→ WHAT IS REQUIRED
Under this line are records; the part from the line containing "Όμορφο πασχαλινό σετ" through the line containing "USTreasury yields were" should be repeated exactly. Please exclude pictures.

→ RECORDS FOR PROCESSING
+++

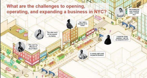 按照目前的土地規劃,有26萬5000名紐約市民住在距家四分之一英里內不允許開設新的街角商店的地區。方案計劃允許在住宅區開設新的街角商店;增加在一樓和上層空間允許開設店面的數量;取消禁止在商業區的餐廳和公共場所跳舞、上演喜劇和音樂的過時規定。
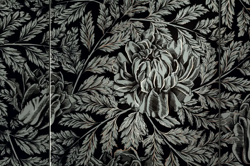 Nuanțele fine de roz pudrat, alb perlat și bej cald creează o atmosferă liniștitoare, în timp ce detaliile florale subtile adaugă un aer romantic și sofisticat. Texturile lucioase amplifică luminozitatea, oferind profunzime și un efect vizual deosebit.
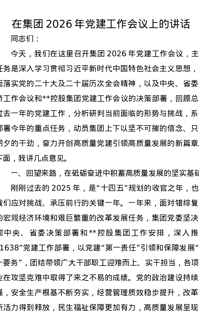 在集团2026年党建工作会议上的讲话
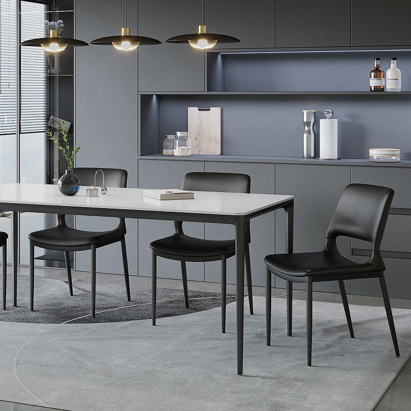 Modern Minimalist Rectangular Curved Seat Microfiber Leather Carbon Steel Dining Chair Backrest For Dining Room
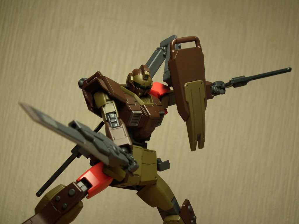 ベースは陸戦型ジムですが、紆余曲折あって様々な機体のパーツが入り乱れております。左肩、右腿、頭部はブルーディスティニー、バックパックはウィングガンダム、サイドスカートはクロスボーンです。
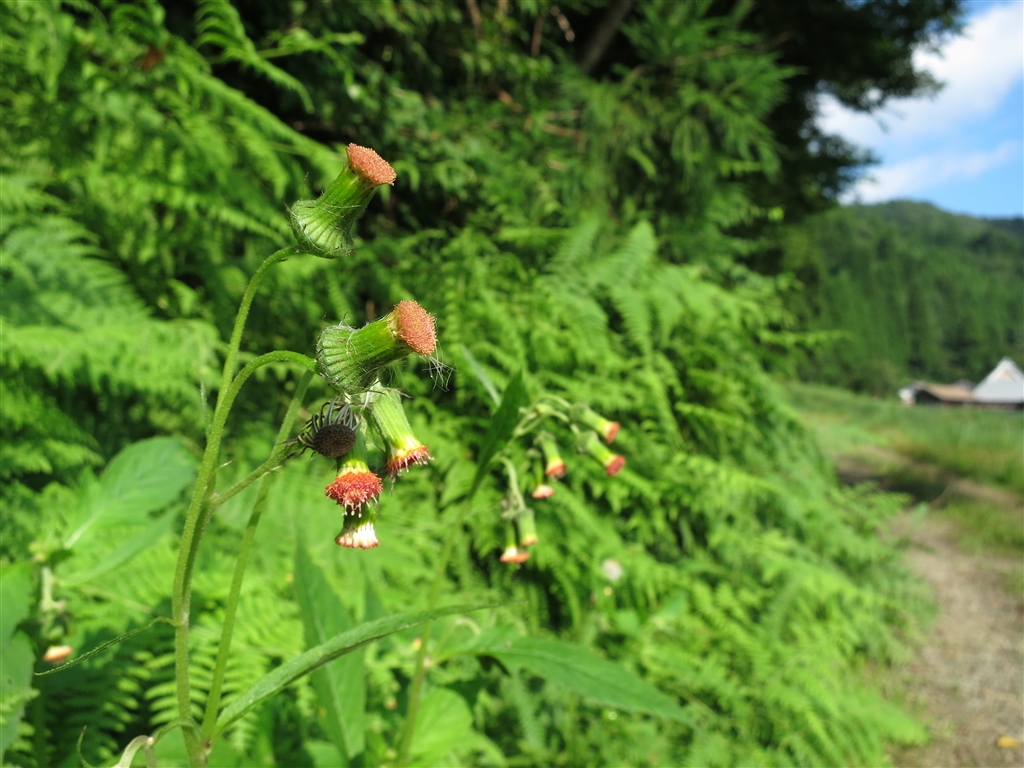 麓に沢山咲くベニバナボロギク。
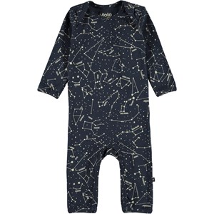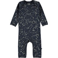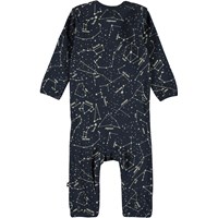 Faso ist ein blauer Babyanzug mit einem Aufdruck der Sternenkarte. Der Anzug hat lange Beine und Ärmel sowie Reißverschlüsse an Hals und Beinen, die das An- und Ausziehen des Anzugs erleichtern.
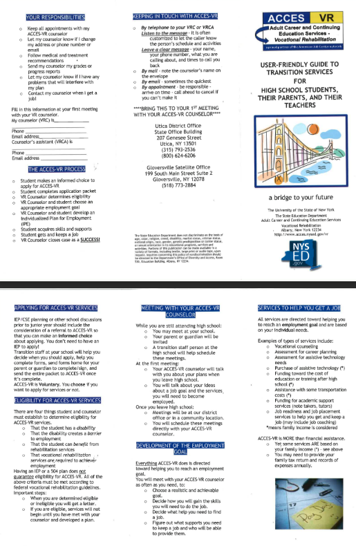 ACCESS-VR (Adult Career and Continuing Education Services–Vocational Rehabilitation) is a New York State program through the New York State Education Department that helps individuals with disabili...
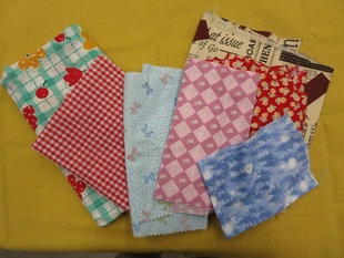 今回の講座で作るエコバッグは、無地のエコバッグに好きな布や余っているはぎれを縫ったり、ボタンなどを付けたりして、オリジナルマイバッグを作ります。
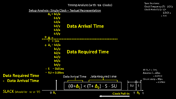 This will make a real worst-case analysis – meaning, if the SLACK meets the above criteria, we can guarantee you, the chip will function, no matter what.
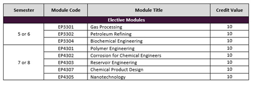 Note: List of elective modules offered in each semester is subject to change based on availability of resources and number of students
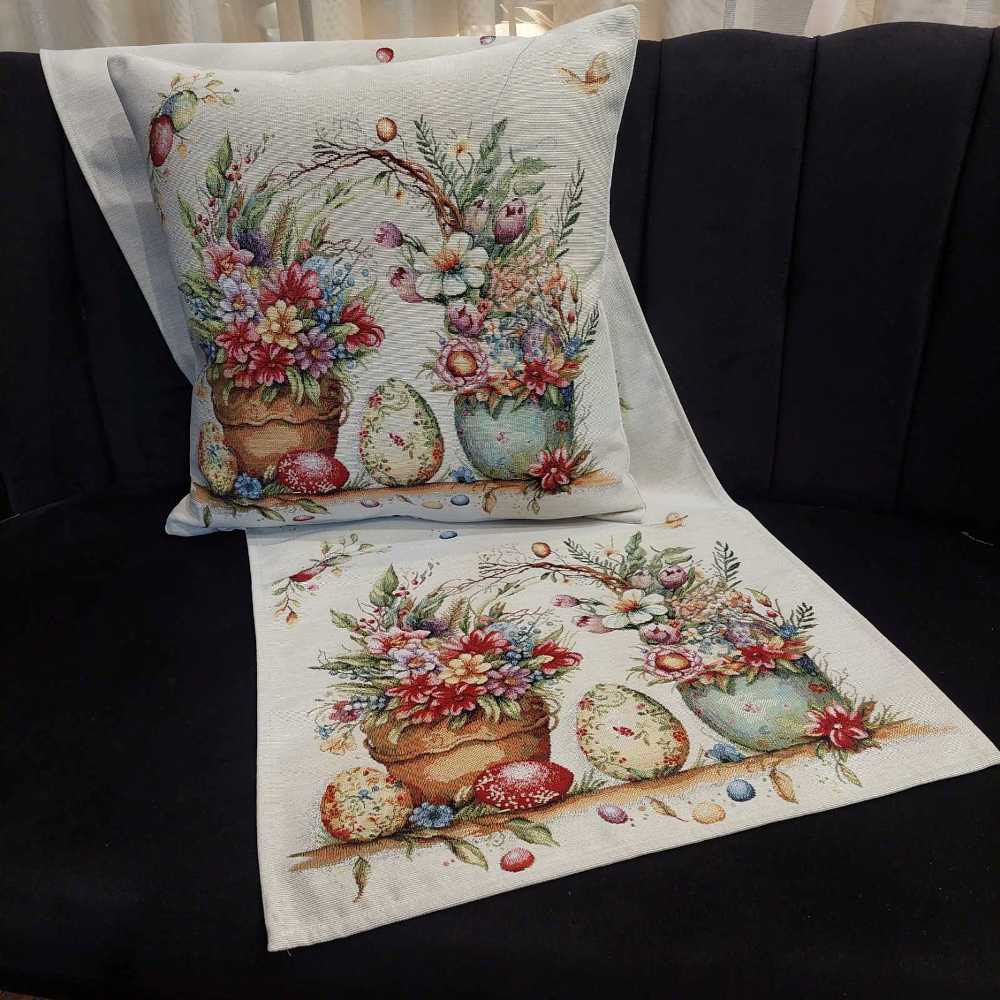 Όμορφο πασχαλινό σετ διακόσμησης τραπεζιού, ιδανικό για να δημιουργήσει μια γιορτινή και ανοιξιάτικη ατμόσφαιρα στο πασχαλινό τραπέζι. Το σετ αποτελεί μια κομψή επιλογή για τη διακόσμηση της τραπεζαρίας, του σαλονιού ή του μπουφέ, προσθέτοντας χρώμα και χαρούμενη διάθεση στον χώρο.
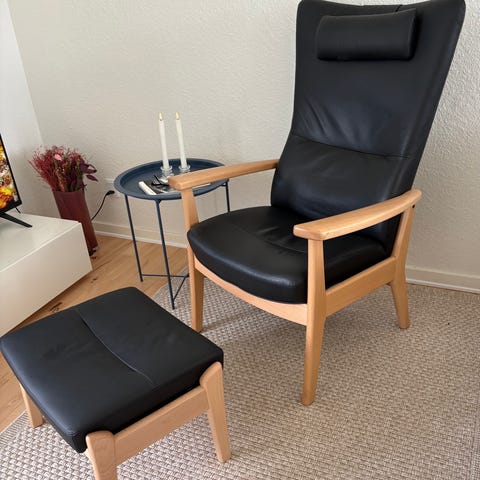 Fin lænestol med fodskammel sælges i god stand
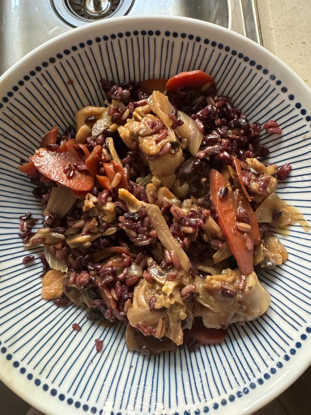 鸡腿,红萝卜,洋葱,白蘑菇,杂粮饭
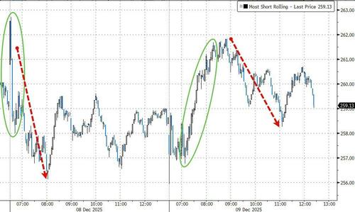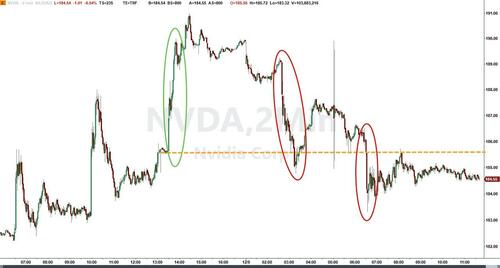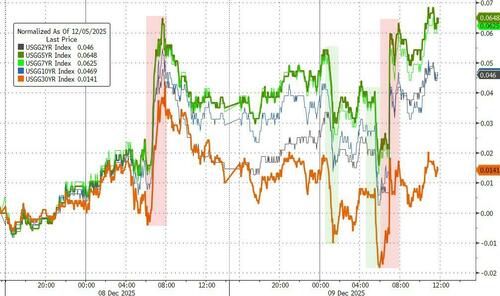 USTreasury yields were higher across the curve with the short-end underperforming (2Y +4bps, 30Y +1bp). As the chart below shows, yields were very choppy today...
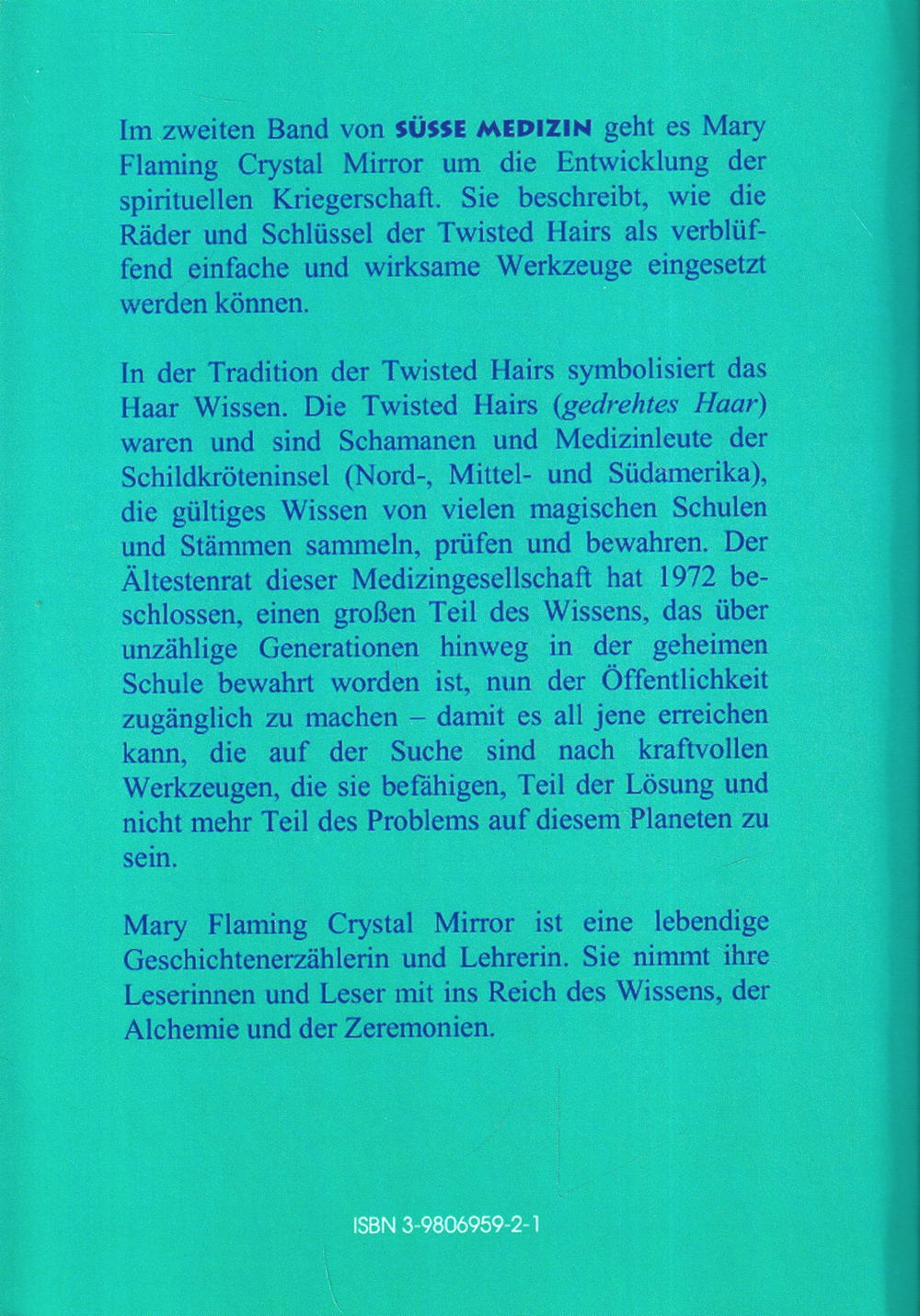 Im zweiten Band von süsSE MEDIZIN geht es Mary Flaming Crystal Mirror um die Entwicklung der spirituellen Kriegerschaft. Sie beschreibt, wie die Räder und Schlüssel der Twisted Hairs als verblüffend einfache und wirksame Werkzeuge eingesetzt werden können.

+++

→ TASK ANSWER
 Όμορφο πασχαλινό σετ διακόσμησης τραπεζιού, ιδανικό για να δημιουργήσει μια γιορτινή και ανοιξιάτικη ατμόσφαιρα στο πασχαλινό τραπέζι. Το σετ αποτελεί μια κομψή επιλογή για τη διακόσμηση της τραπεζαρίας, του σαλονιού ή του μπουφέ, προσθέτοντας χρώμα και χαρούμενη διάθεση στον χώρο.
 Fin lænestol med fodskammel sælges i god stand
 鸡腿,红萝卜,洋葱,白蘑菇,杂粮饭
 USTreasury yields were higher across the curve with the short-end underperforming (2Y +4bps, 30Y +1bp). As the chart below shows, yields were very choppy today...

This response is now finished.